| 纯度 | >85%SDS-PAGE. |
| 种属 | Human |
| 靶点 | CRK |
| Uniprot No | P46108 |
| 内毒素 | < 0.01EU/μg |
| 表达宿主 | E.coli |
| 表达区间 | 2-304aa |
| 氨基酸序列 | AGNFDSEER SSWYWGRLSR QEAVALLQGQ RHGVFLVRDS STSPGDYVLS VSENSRVSHY IINSSGPRPP VPPSPAQPPP GVSPSRLRIG DQEFDSLPAL LEFYKIHYLD TTTLIEPVSR SRQGSGVILR QEEAEYVRAL FDFNGNDEED LPFKKGDILR IRDKPEEQWW NAEDSEGKRG MIPVPYVEKY RPASASVSAL IGGNQEGSHP QPLGGPEPGP YAQPSVNTPL PNLQNGPIYA RVIQKRVPNA YDKTALALEV GELVKVTKIN VSGQWEGECN GKRGHFPFTH VRLLDQQNPD EDFS |
| 预测分子量 | kDa |
| 蛋白标签 | His tag N-Terminus |
| 缓冲液 | PBS, pH7.4, containing 0.01% SKL, 1mM DTT, 5% Trehalose and Proclin300. |
| 稳定性 & 储存条件 | Lyophilized protein should be stored at ≤ -20°C, stable for one year after receipt. Reconstituted protein solution can be stored at 2-8°C for 2-7 days. Aliquots of reconstituted samples are stable at ≤ -20°C for 3 months. |
| 复溶 | Always centrifuge tubes before opening.Do not mix by vortex or pipetting. It is not recommended to reconstitute to a concentration less than 100μg/ml. Dissolve the lyophilized protein in distilled water. Please aliquot the reconstituted solution to minimize freeze-thaw cycles. |
以下是关于CRK重组蛋白的3篇参考文献及其摘要概括:
1. **文献名称**:*CRK adaptor protein signaling in cell migration*
**作者**:Feller, S.M.
**摘要**:该文献综述了CRK蛋白作为衔接分子在细胞迁移中的作用,重点讨论了重组CRK蛋白在Ras-MAPK和细胞骨架重组信号通路中的调控机制,及其与肿瘤转移的关联。
2. **文献名称**:*Structural basis for the interaction between the Crk II adaptor protein and c-Abl kinase*
**作者**:Wu, X., et al.
**摘要**:通过X射线晶体学分析,本研究解析了重组CRK-II蛋白的SH3结构域与c-Abl激酶的复合物结构,揭示了二者相互作用的关键位点,为靶向CRK信号通路的药物设计提供依据。
3. **文献名称**:*CRK重组蛋白在肺癌细胞侵袭中的功能研究*
**作者**:李明等
**摘要**:通过构建CRK重组蛋白表达载体,研究发现其在肺癌细胞中过表达可增强细胞侵袭能力,并激活下游FAK/PI3K通路,提示CRK可能成为肺癌治疗的潜在靶点。

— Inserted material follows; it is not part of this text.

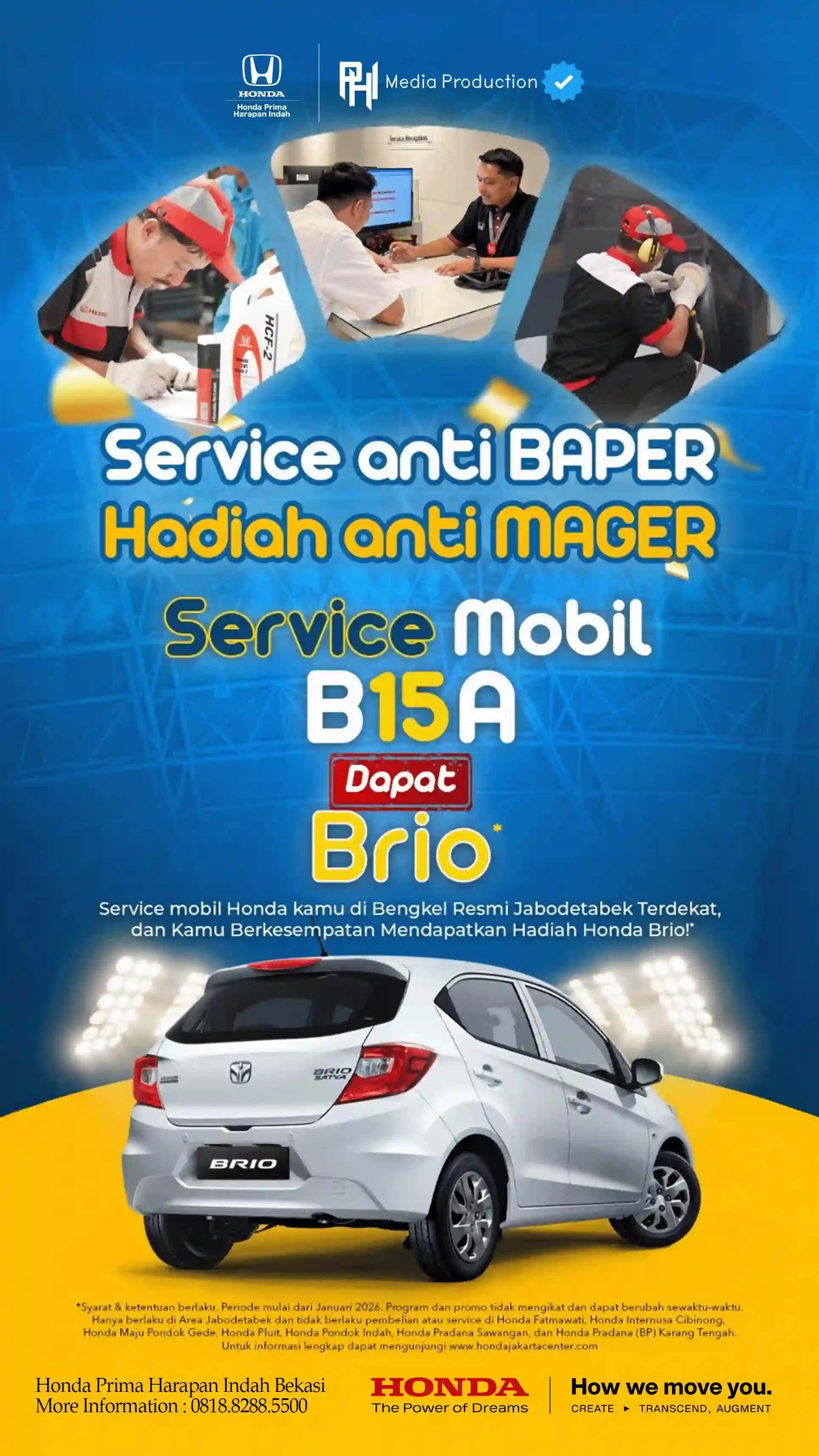 Jangan cuma servis rutin, tapi servis yang bisa bikin kamu dapet MOBIL BARU! Cuma di jaringan dealer resmi Honda (termasuk Honda Prima Harapan Indah Bekasi), setiap perawatan berkala mobil kamu punya peluang bawa pulang Honda Brio!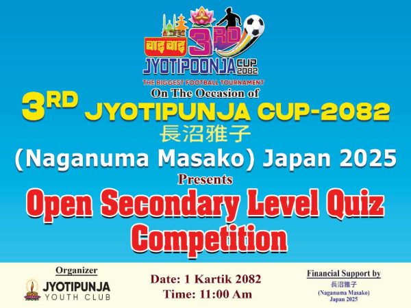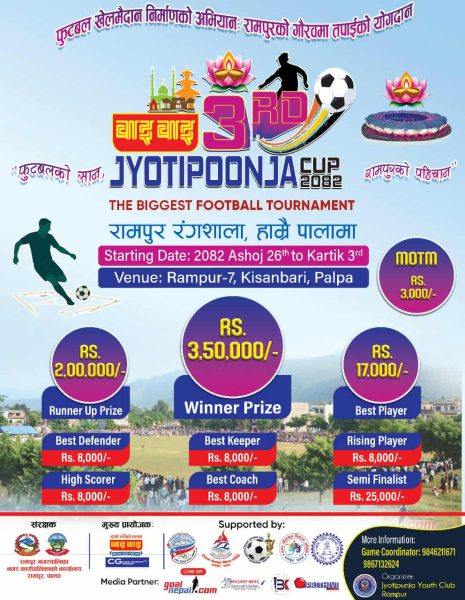 त्यसैगरी समाजसेवी हजिल दिन मियाँ र ज्योतिपुञ्ज युवा क्लबका पूर्वअध्यक्ष सुदिप गौतमले खेल जित्न मात्र नभई सिक्नका लागि पनि खेल महत्वपूर्ण हुने बताउँदै खेलाडीलाई उत्कृष्ट प्रदर्शनका लागि शुभकामना व्यक्त गर्नुभयो।

(注:以上文献信息为示例性质,实际引用时请核对具体文献内容及作者信息。)
CRK (CT10 regulator of kinase) proteins are a family of adaptor proteins crucial in intracellular signal transduction, primarily involved in mediating protein-protein interactions during cellular processes such as proliferation, migration, adhesion, and apoptosis. The CRK family includes two major isoforms, CRK-I and CRK-II, derived from alternative splicing of the CRK gene. Structurally, CRK proteins contain Src homology 2 (SH2) and Src homology 3 (SH3) domains, enabling them to link tyrosine-phosphorylated receptors or cytoplasmic kinases (via SH2) to downstream effectors (via SH3). This bridging function allows CRK proteins to regulate pathways like Ras/MAPK, PI3K/Akt, and JNK, influencing cell survival and cytoskeletal dynamics.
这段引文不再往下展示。